Dataset records:

..............................

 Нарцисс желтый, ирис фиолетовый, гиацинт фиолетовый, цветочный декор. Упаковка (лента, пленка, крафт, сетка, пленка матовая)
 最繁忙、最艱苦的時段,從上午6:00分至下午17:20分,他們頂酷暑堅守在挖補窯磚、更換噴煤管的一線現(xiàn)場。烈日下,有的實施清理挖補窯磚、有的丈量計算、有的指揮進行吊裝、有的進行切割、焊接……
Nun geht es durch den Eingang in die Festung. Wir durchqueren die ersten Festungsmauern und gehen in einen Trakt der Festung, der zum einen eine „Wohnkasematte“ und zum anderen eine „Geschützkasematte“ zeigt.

..............................

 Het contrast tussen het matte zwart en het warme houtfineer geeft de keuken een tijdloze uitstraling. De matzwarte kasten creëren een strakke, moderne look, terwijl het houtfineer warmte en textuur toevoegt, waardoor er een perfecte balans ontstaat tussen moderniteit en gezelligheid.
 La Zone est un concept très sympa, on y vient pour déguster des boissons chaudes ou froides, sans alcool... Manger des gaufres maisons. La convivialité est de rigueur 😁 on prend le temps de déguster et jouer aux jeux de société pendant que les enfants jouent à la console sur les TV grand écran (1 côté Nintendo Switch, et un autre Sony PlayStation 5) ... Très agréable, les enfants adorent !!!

..............................

Task instructions: Beginning at the line above with "Нарцисс желтый, ирис" and finishing at the line with "最繁忙、最艱苦的時段,從上午", return each line exactly and return nothing else.

Problem solution:
 Нарцисс желтый, ирис фиолетовый, гиацинт фиолетовый, цветочный декор. Упаковка (лента, пленка, крафт, сетка, пленка матовая)
 最繁忙、最艱苦的時段,從上午6:00分至下午17:20分,他們頂酷暑堅守在挖補窯磚、更換噴煤管的一線現(xiàn)場。烈日下,有的實施清理挖補窯磚、有的丈量計算、有的指揮進行吊裝、有的進行切割、焊接……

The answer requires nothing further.